Assignment
Among the entries below, find the line with "まずは、お疲れビールを グイッと飲み、 テント設営。" and the line with "AK Bauern mit Gespann im Reisfeld". Return exactly those lines and every line between them, but no pictures.

Listed entries
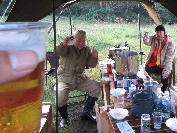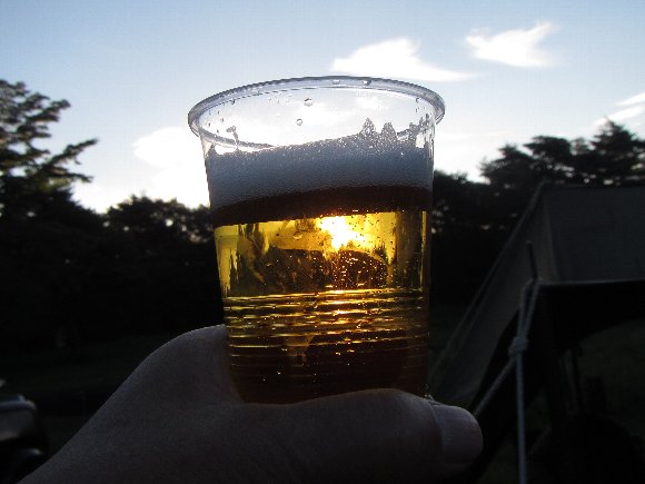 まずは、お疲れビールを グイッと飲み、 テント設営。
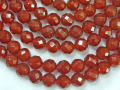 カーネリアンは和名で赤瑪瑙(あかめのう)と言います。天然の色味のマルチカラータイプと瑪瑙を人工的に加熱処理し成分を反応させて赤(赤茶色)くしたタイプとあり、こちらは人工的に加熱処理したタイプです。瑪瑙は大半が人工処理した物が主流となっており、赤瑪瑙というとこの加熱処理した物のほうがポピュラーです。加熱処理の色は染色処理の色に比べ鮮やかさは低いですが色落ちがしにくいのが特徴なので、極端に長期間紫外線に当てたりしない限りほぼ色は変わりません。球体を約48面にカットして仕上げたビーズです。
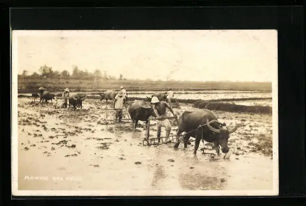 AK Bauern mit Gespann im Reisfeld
==
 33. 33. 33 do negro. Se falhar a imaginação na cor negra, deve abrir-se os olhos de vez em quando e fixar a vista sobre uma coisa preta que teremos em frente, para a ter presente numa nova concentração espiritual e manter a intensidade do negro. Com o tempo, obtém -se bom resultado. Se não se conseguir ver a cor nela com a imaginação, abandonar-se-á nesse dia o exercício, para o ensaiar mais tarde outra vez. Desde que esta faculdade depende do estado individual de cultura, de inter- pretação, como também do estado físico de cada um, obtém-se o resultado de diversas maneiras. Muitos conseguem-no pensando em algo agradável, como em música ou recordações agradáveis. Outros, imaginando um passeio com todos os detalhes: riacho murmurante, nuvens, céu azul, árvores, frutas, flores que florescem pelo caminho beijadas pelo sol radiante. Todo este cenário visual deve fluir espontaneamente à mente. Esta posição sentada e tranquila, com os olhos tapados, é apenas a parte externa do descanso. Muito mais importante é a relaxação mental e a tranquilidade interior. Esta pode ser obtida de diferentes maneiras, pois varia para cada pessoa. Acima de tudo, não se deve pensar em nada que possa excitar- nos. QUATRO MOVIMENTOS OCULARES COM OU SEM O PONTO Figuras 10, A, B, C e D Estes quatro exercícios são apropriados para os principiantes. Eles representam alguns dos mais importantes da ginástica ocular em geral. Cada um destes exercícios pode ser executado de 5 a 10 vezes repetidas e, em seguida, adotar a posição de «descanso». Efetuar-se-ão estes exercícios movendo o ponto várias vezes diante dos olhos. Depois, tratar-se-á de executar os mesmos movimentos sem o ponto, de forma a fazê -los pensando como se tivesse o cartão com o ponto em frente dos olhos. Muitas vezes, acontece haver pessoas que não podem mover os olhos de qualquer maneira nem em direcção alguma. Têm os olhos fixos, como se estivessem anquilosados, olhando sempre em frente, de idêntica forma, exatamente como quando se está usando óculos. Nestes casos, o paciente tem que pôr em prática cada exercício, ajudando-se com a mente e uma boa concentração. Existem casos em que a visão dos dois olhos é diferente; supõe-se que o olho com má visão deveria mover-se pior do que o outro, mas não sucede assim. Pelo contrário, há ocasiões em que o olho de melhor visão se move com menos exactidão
---
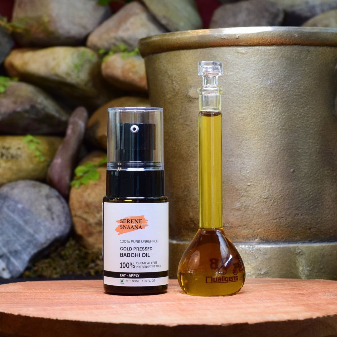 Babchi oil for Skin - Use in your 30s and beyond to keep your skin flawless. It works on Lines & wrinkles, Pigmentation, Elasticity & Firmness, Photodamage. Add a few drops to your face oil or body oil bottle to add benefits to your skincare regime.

Finished exercise
 まずは、お疲れビールを グイッと飲み、 テント設営。
 カーネリアンは和名で赤瑪瑙(あかめのう)と言います。天然の色味のマルチカラータイプと瑪瑙を人工的に加熱処理し成分を反応させて赤(赤茶色)くしたタイプとあり、こちらは人工的に加熱処理したタイプです。瑪瑙は大半が人工処理した物が主流となっており、赤瑪瑙というとこの加熱処理した物のほうがポピュラーです。加熱処理の色は染色処理の色に比べ鮮やかさは低いですが色落ちがしにくいのが特徴なので、極端に長期間紫外線に当てたりしない限りほぼ色は変わりません。球体を約48面にカットして仕上げたビーズです。
 AK Bauern mit Gespann im Reisfeld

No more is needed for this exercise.